I have a little secret I need to share with you all:  I grew up in the hood.  Not the South Central/Cabrini Green/Hell’s Kitchen hood – but it wasn’t the milky white suburban existence my kids are growing up in right now!  On my 2 mile walk to school (we couldn’t afford busing) I passed a General Motors Metal Fab Plant, crossed a bridge over a 6 lane highway (if we were late we would just run across the highway instead of walking to cross at the bridge) and at least one flea-bag hotel where you could buy your drug or woman of choice.   So, as far as white people go – it was as close to a hood as I wanted to be in!

Being that I’m so street – I grew up listening to rap music, and to this day, still do.  My oldest son is now 15, and to his mother’s shagrin, he also is a listener to rap music.  To me rap music was like poetry, the creativity it took to write and rhyme lyrics from a street perspective always captivated me.  Most people don’t “listen” to rap, they “hear” rap – and it doesn’t connect with them.  The stories and lessons of songs connected with me.

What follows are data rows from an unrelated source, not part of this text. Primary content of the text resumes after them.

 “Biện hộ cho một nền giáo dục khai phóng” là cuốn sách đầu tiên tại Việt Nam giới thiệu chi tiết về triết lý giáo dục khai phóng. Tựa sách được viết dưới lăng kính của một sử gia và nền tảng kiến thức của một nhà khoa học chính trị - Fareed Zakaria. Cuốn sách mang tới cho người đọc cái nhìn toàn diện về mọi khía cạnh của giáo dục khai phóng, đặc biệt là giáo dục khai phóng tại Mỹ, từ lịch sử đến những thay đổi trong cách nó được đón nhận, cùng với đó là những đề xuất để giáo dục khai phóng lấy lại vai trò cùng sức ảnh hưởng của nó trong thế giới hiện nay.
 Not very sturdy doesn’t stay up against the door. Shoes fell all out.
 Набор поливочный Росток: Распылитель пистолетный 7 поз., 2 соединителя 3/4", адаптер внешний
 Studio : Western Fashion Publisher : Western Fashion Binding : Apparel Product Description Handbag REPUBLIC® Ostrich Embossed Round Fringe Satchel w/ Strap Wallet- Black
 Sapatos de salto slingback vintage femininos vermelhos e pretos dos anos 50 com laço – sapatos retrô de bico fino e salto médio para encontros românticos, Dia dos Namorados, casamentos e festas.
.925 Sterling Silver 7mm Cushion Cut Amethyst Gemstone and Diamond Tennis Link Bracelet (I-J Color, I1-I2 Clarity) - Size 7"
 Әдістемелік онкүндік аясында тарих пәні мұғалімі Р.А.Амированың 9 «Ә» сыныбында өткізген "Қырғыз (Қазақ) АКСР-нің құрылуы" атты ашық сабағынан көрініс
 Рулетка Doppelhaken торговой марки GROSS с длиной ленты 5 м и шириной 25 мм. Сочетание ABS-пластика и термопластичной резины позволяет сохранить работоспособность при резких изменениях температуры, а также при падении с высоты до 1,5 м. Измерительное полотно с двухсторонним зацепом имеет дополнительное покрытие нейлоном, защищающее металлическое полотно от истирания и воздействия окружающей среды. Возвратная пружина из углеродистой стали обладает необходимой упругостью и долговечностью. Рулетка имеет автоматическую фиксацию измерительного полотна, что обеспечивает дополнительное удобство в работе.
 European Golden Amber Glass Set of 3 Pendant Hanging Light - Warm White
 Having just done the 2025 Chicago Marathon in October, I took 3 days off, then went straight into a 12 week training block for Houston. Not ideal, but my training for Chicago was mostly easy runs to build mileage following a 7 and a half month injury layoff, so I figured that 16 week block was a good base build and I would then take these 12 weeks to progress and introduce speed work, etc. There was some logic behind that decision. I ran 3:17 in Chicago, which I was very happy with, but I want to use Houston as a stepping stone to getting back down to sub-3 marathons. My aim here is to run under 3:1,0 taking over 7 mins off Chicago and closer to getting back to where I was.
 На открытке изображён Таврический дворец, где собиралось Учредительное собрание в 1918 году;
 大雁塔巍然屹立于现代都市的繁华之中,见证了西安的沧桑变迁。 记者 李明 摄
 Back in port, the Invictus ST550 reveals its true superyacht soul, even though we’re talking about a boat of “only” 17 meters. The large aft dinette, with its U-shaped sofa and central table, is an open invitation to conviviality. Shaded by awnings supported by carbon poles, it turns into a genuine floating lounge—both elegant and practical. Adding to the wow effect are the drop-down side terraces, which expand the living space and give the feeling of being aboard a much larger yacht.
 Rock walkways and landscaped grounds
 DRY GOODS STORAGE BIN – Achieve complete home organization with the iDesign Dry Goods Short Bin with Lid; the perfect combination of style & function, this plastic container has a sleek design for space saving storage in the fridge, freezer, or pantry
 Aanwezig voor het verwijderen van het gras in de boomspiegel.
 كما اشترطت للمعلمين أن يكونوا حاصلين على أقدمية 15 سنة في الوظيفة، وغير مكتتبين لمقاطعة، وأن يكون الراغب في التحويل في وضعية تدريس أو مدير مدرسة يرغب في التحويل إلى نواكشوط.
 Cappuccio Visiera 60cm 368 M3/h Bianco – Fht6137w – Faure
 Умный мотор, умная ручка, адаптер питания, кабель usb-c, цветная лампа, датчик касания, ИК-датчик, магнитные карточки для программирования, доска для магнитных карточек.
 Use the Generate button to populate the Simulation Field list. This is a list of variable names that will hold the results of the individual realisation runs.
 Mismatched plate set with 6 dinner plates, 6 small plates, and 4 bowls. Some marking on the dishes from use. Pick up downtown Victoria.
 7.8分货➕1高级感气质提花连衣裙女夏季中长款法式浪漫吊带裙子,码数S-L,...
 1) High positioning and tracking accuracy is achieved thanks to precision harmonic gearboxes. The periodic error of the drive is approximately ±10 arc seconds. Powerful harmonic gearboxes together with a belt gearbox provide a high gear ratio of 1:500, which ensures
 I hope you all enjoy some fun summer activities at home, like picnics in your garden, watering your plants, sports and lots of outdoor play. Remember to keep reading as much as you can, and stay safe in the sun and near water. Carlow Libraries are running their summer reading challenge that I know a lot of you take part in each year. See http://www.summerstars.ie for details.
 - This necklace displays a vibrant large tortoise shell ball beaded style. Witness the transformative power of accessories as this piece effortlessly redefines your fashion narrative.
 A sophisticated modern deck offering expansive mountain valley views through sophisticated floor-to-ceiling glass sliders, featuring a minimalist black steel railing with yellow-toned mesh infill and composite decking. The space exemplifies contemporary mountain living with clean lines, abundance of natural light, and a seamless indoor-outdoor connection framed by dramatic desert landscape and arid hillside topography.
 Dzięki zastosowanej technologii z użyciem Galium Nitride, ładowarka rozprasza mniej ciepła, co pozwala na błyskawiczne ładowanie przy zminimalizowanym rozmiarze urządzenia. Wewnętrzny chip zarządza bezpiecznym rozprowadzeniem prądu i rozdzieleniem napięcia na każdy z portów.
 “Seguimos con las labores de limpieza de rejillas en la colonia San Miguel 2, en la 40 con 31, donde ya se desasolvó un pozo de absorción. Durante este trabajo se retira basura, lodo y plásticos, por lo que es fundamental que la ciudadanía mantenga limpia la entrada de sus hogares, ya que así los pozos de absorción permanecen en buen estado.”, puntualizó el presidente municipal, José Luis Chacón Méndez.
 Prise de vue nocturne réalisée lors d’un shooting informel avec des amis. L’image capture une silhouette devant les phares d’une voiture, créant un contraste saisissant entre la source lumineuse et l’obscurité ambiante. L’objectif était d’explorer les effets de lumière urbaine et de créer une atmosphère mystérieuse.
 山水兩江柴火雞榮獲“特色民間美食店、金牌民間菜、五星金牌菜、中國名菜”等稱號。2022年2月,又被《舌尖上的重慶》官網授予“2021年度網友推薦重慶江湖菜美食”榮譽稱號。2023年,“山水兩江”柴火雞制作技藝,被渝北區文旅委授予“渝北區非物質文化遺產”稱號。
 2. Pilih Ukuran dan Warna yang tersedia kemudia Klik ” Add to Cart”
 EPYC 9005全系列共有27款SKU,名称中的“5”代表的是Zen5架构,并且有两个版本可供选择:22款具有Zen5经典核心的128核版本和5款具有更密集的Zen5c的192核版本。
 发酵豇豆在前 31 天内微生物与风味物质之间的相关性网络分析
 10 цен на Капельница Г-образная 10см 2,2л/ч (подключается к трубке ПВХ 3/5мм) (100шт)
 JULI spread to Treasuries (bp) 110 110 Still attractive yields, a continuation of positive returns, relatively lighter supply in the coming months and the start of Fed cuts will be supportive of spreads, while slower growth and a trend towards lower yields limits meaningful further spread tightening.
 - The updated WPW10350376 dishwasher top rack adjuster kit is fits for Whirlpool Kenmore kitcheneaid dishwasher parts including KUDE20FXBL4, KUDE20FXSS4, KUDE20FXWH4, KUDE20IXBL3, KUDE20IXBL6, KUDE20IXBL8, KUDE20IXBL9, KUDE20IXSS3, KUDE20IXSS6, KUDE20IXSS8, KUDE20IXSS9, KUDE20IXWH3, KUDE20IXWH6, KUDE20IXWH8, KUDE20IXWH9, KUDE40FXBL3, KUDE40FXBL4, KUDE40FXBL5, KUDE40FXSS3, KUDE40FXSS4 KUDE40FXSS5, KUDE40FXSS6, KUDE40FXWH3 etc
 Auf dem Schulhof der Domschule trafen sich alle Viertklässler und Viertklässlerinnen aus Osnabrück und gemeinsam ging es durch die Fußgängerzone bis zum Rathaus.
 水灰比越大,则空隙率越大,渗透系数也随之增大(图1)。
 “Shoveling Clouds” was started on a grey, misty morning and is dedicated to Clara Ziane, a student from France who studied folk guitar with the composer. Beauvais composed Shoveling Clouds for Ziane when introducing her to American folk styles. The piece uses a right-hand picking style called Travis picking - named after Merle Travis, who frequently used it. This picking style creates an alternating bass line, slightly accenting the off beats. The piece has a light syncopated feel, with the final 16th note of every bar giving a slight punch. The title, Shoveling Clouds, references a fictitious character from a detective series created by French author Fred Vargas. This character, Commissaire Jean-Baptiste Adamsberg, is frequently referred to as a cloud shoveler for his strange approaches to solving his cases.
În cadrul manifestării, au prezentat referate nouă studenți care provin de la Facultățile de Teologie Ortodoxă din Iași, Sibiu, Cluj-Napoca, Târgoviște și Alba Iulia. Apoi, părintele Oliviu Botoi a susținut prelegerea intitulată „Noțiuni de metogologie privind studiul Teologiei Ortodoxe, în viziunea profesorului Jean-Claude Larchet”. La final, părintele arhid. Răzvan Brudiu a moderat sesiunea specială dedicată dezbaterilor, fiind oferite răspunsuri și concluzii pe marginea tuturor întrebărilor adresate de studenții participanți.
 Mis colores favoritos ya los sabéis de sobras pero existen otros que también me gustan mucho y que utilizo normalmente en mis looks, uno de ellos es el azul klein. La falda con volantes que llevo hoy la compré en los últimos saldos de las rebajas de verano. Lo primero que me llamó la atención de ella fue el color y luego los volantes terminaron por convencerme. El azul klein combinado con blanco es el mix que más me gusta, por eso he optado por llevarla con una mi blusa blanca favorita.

As I look back on 30 years of listening to rap music, I’ve come to realize I take a ton of my leadership style from the music that shaped me growing up. So, since this is my blog, I’m starting a new weekly series for 2012 – the 25 Rap Lyrics That Have Shaped My Leadership Style.

This weeks Lyric:

Tupac – I Ain’t Mad At Cha

“Change, shit
I guess change is good for any of us
Whatever it take for any of y’all niggaz to get up out the hood
Shit, I’m wit cha, I ain’t mad at cha
Got nuttin but love for ya, do your thing boy”

When I first started my HR career I would get so upset over people who decided to leave the organization I was with – and I saw that most of the leadership responded the same way!  If someone decided to leave “us” – we would virtually tear your shirt – that person was “dead” to the organization.  Years later the person would want to come back, and they wouldn’t be able to because they were “black-balled” from the company.  I’m sure many of your organizations are that way today.

I had a good HR mentor at one of my HR stops that got me to look at this in a new way, and the Tupac lyric makes me remember this learning.  People leave for all kinds of reasons, and even sometimes you want people to leave your organization – that doesn’t mean that a year or two or three, later – they wouldn’t be the perfect fit to come back.  When a good performer makes the decision to leave my organization now, I ask if there is anything I can do to help in their transition (after I try to talk them into staying).  I try and make it easy for them, because I know it was a tough decision for them, I don’t need to make it tougher.  It’s a small world and I try and have strong relationships that will outlast a job change or two.  If I have a good relationship with a good person – there is a good chance I will want to work with that person again in the future.

I ain’t mad at cha – got nothin but love for ya.

14 Comment to “#25 Rap Lyric that has Shaped my Leadership Style”

  1. My take away from my former VP is simple: is this hire going to be here 5, 7, or 10 years. I was shocked when she asked me this question, but now I understand. No one in the 21st century will hire on and stay there for 35 years and get the gold watch. That is simply not an option. And with 8000 Baby Boomers A DAY turned 65 years of age–we are just seeing the tip of iceberg in terms of turn-over. Tho’ I concur with the last paragraph–we also have to look at the bottom line and one lesson I learned early on was that cost every time there is a turnover in employment is somewhere between $100K and $150K. . .(attributed to the Center for Creative Leadership in Greensboro, NC).

    May 16, 2012
  2. Awesome post and list, Tim! I’ve always said my understanding and application of hood logic and rules are a big part of what make me a good HR person. Thanks for proving my theory right. way to represent! 😉

    Mar 30, 2012
  3. Quick question will lines from “Pimpin’ Ain’t Easy” or “Bit*h Betta Have my Money” make the cut?